My fiction has a specific feel to it - Southeast Asia, 1800s, Military, Missionary - and after writing each one I feel a sense of accomplishment that goes far beyond the travel writing I’ve done. It’s so different. It’s so fun! I think what has captured my imagination so readily is my absolute rock solid lifelong commitment to a Philippians 4:8 lifestyle. This scripture, more than any other, really captures who I am. I’m a goody-two-shoes and always have been. It’s sort of pathetic. But it’s better than wonderful and more than beautiful. Why make Phil 4:8 your way of life? Because Psalm 1, that’s why!
Every step of my life, in spite of my sin nature, God has guided and protected me; he has rewarded me and made me prosper; he has warmed my soul and kept my heart tender to his presence; and these things in spite of a good number of reasons to quit and give up on the Body of Christ. It’s a rough hewn group of people and it’s frankly nice to get away from it sometimes. But when I find myself pulling as far back as I ever have - ever before - it is then when I feel like I could write the ripest fiction in the world! If I could put down my thoughts on paper right then - strike while the iron’s hot - I could produce some page turners! But every single time I’ve sat down to give it a try I get a few sentences into it - one time a few paragraphs - and then I stop cold. I delete and write something else.
It’s not me.
My evil thoughts are mine and they’d serve no purpose to be anyone else’s. I can’t step outside of Philippians 4:8, not because of some mandate or some sense of obligation, but because I genuinely thrive in it. I feel it is right; meaning, I sense the rightness of it as I walk in it. It is a narrow path and I chose to walk it.
I have a missionary friend who reads my fiction - short stories, all - and loves them! In fact, she’s my biggest fan. And she and I have chatted for some time far below the surface level most friends do. She knows my struggle with testing the boundaries of Phil 4:8 and my wish to step far outside and throw caution to the wind! She’s even encouraged me to give it a try so that my fiction doesn’t get in a rut and become the same story over and over with different characters. In truth, I try and try.
But I can’t. And Psalm 1. That’s why.
I am like a tree which has been planted by streams of water, bearing fruit in season. I love life by the river! Better is one day? How about every day? I started travel writing at the encouragement of my wife who loved to read my stuff. My foray into fiction was sudden and unexpected - even by me. I never once thought of either as a form of worship, but my cavalier attitude towards the whole writing process has been challenged by my struggle with writing a villain as a main character.
My writing, in fact, is one of the ways I make an offering to God; my fiction especially. My main characters are invariably upright. It might make them predictable, even boring. The plots always twist to the unexpected, but they’re never dark. There’s truth and loveliness in them.
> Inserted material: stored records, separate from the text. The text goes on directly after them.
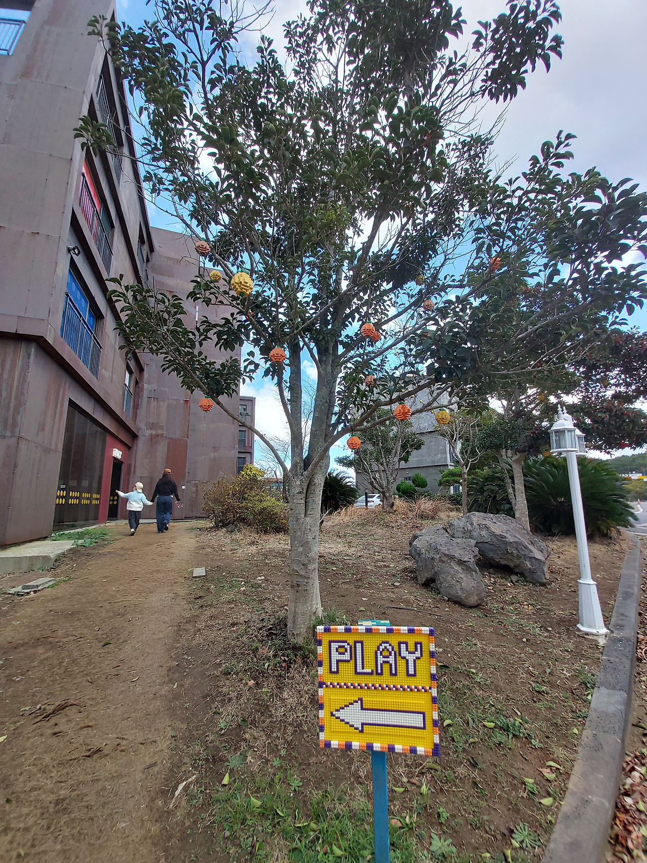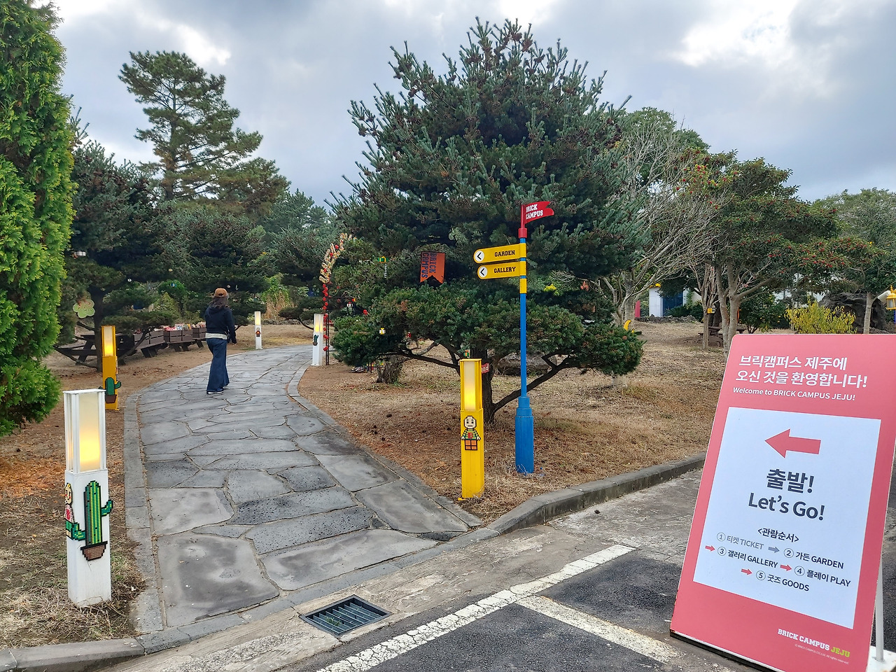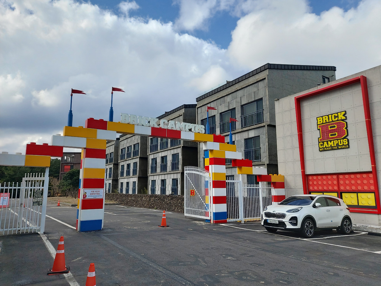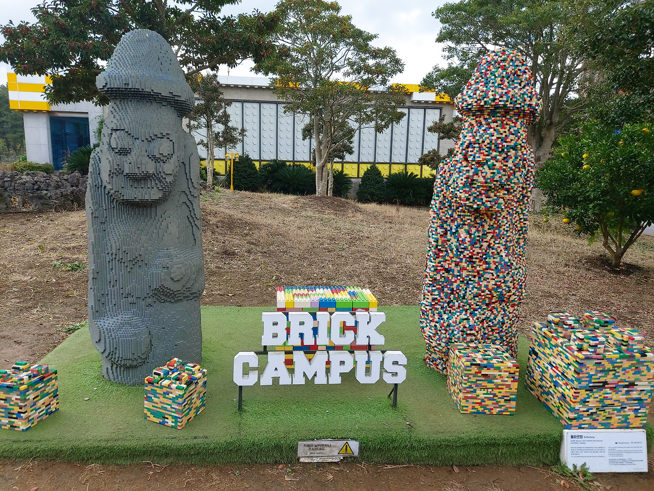 오늘은 아들의 간절한 요청으로 '브릭 캠퍼스 제주'를 찾아갈 준비를 했다. 평소 레고를 무척이나 사랑하는 우리 아들은 제주도에 내려와서도 브릭 테마파크를 꼭 가고 싶다고 나와 아내에게 몇 번을 이야기했다. 그 소원을 들어주기 위해 제주시에 있는 '브릭 캠퍼스 제주'로 향했다. 자동차를 타고 약 50여분을 달려서 아이가 고대하던 그 장소에 도착했다. 캠퍼스 입구에 커다란 'B'자가 한눈에 들어오면서 브릭 왕국처럼 '브릭 캠퍼스'라는 영문 글자가 입구에 쓰여있었다. 우리 아이는 설레는 마음으로 엄마 손을 잡고 캠퍼스 입구로 들어갔다. 입구에 들어서면 작은 정원이 나오는데 여기에는 브릭으로 쓴 다양한 말풍선과 포토존이 있었다. 특히 현무암색과 알록달록한 다양한 색으로 만들어 놓은 돌하르방이 시선을 끌었다.
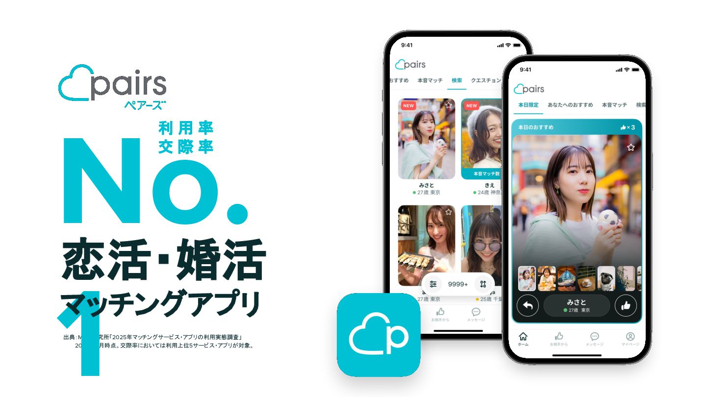 出典:MMD研究所「2025年マッチングサービス・アプリの利用実態調査」 2025年9月時点。交際率においては利用上位5サービス・アプリが対象。 No. 1 恋活・婚活 マッチングアプリ 利 用 率 交
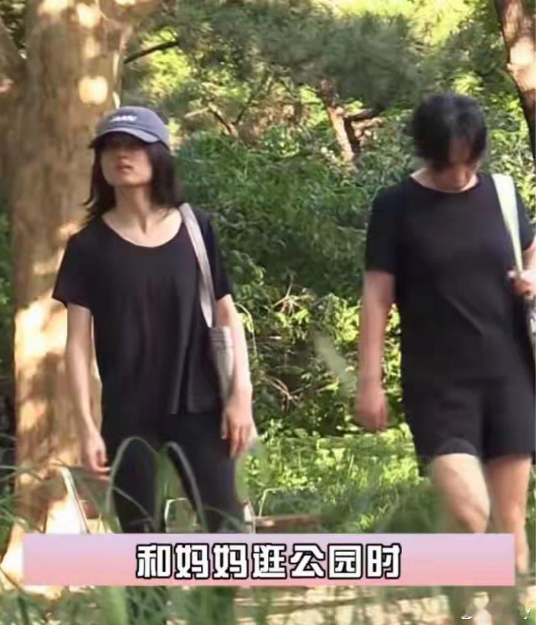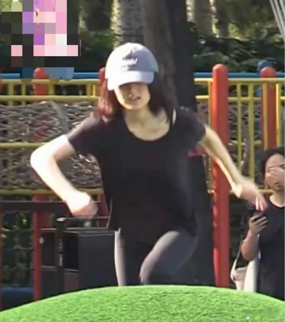 张子枫和妈妈逛公园被偶遇,玩爬网 玩爬墙骑动感单车,精力好旺盛
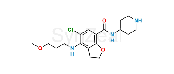 Prucalopride Impurity 39 is chemically 5-Chloro-4-((3-methoxypropyl)amino)-N-(piperidin-4-yl)-2,3-dihydrobenzofuran-7-carboxamide. Prucalopride Impurity 39 is supplied with detailed characterization data compliant with regulatory guideline. Prucalopride Impurity 39 can be used for the analytical method development, method validation (AMV), Quality Controlled (QC) application for Abbreviated New Drug Application (ANDA) or during commercial production of Prucalopride.

I was raised with the party line every church kid gets that you should “do everything as if unto the Lord” and frankly I hadn’t given the Lord one thought when I started writing fiction just for fun. It was just for fun! But it turns out, I am led by still waters - another great Psalm - and I write what I know. I know Southeast Asia, I've lived in Hong Kong and Thailand; I know 1800s, I'm a history teacher and it's my favorite era; I know Military, I'm a US Army veteran; and I know Missionary, having served as a missionary myself, but much to my surprise I also know Still Waters and they are reflected in my fiction; or does my fiction reflect them.
If you’ve never memorized Philippians 4:8 I challenge you to do so! Psalm 1 too! Lock these in your heart and meditate on them day and night. After a life spent in His courts planted by streams of water I am bearing fruit in this season and - oddly enough - it’s in the form of writing fiction, something I never imagined I would ever do.
And the Lord will watch over my coming and going both now and forevermore; another great Psalm. And so I find myself accidentally writing as an act of worship. I guess I'll just keep after it until something else comes along! Here here!